Fed officials announced an $85 billion takeover of AIG two days ago, hours after leaving their benchmark interest rate unchanged in a decision that rebuffed some investors' calls for a cut.
"There is some preliminary discussions about how to sort of encapsulate and separate the two -- both to keep focus on monetary policy by the main Fed leaders, but also to prevent any conflicts of interest," Schumer said.
"The series of ad-hoc interventions in the market over the past 10 days were important to avoid a systemic disaster," Schumer said. "But we cannot continue to act in such an uncoordinated and ad-hoc fashion."
Under Schumer's RFC plan, "the government would come first," he said. "The government would get repaid before the others in the financial chain."
Who believes that? I don't assuming "government" means taxpayers. However, that does not mean shareholders get of scott free either. Still it's hard to comment on a plan that we have not seen yet. However, I can comment on global coordinated panic.
Global Coordinated Panic
- Central Banks Announce Global Coordinated Liquidity Measures
- China, Russia Intervene In Equity Markets
- Britain Bans Short-Selling Citing 'Extreme' Market Climate
- Paulson Seeks Resolution Trust Corporation "Solution"
Every one of those actions was announced today. It is the biggest global panic in history.
That panic is on the heels of ...
- A shotgun wedding between Merrill Lynch and Bank of America
- 3 Month Treasury Yields Effectively Hitting Zero
- The Crime In Buying AIG Time
- A Fed Sponsored Poker Party That Morphed Into "Old Maid".
Futures Soaring
If you are recently short this market you are screwed. S&P futures are +34 (nearly 2.8%) and that is on top of today's rally. It just so happens (and if anyone thinks it is by coincidence they are nuts) that tomorrow is triple witching options expiration.
Q&A
- Is this blatant market manipulation? Of course it is.
- Is the government acting to suppress the price of gold or silver? No, gold and silver is the least of governmental concerns. If you are paying money for any newsletter that claims otherwise, cancel it.

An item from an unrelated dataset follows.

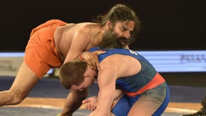 ಬುಧವಾರ ಪ್ರೊ ಕುಸ್ತಿ ಲೀಗ್'ನ 2ನೇ ಸೆಮಿಫೈನಲ್ ಪಂದ್ಯದ ವೇಳೆ ನಡೆದ ಸೌಹಾರ್ದ ಪಂದ್ಯದಲ್ಲಿ ರಾಮ್'ದೇವ್ ತಮ್ಮ ಪವರ್ ತೋರಿಸಿದರು. ಒಲಿಂಪಿಕ್ಸ್ ಪದಕ ವಿಜೇತನನ್ನು 12-0 ಅಂತರದಿಂದ ಆ್ಯಂಡ್ರೆ ಸ್ಟಾಡ್ನಿಕ್ ರನ್ನು ಸೋಲಿಸಿದರು. ಯೋಗದಲ್ಲಿ ಎಷ್ಟು ಶಕ್ತಿ ಇದೆ ಎನ್ನುವುದನ್ನು ತೋರಿಸುವ ಸಲುವಾಗಿ ಒಲಿಂಪಿಕ್ಸ್ ಪದಕ ವಿಜೇತನ ವಿರುದ್ಧ ಹೋರಾಡಿದೆ ಎಂದು ರಾಮ್ದೇವ್ ತಿಳಿಸಿದ್ದಾರೆ.

- Can we expect more manipulation? Absolutely, count on it.
- Will this bail out the stock market? No. However, it is a massive transfer of wealth from little guys who are currently short to the market makers.

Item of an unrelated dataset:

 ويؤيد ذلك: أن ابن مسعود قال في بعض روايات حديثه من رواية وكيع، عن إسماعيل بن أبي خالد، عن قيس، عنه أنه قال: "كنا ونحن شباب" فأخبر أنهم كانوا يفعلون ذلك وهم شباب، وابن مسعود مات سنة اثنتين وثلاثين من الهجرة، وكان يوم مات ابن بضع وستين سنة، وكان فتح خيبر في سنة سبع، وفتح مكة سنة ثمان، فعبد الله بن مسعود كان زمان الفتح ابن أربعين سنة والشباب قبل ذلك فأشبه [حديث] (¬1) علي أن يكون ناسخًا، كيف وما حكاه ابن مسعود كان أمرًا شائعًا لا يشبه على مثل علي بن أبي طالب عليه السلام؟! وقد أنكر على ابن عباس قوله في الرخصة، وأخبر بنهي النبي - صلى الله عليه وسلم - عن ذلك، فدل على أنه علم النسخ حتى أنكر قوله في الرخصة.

- Will this rally fail? Yes, but it is a pure guess when. This can be a gap and crap tomorrow or it can last a choppy 3 months.

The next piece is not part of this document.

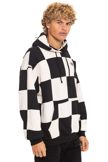 CHECK QUILT RELAXED PULLOVER HOODIE - VINTAGE WHITE // BLACK

- Will this solution resolve the fiscal crisis? No, it actually makes it worse.
Weak institutions need to die. It is an enormous waste of capital to prop them up. Instead of wasting money bailing out the likes of Washington Mutual or Wachovia the US could be rebuilding infrastructure instead.
There is over capacity in housing. That overcapacity needs to be annihilated, not added to.
Every proposal above by Congress and Paulson amounts to fiscal insanity. Yet, the stock market is cheering wildly. In my opinion this rally will not hold. However, the rally will hold long enough to destroy any overleveraged bears, especially those in front month options.
This is one of the reasons for an old Wall Street adage that goes something like this: "Bear markets destroy the bulls and bears alike".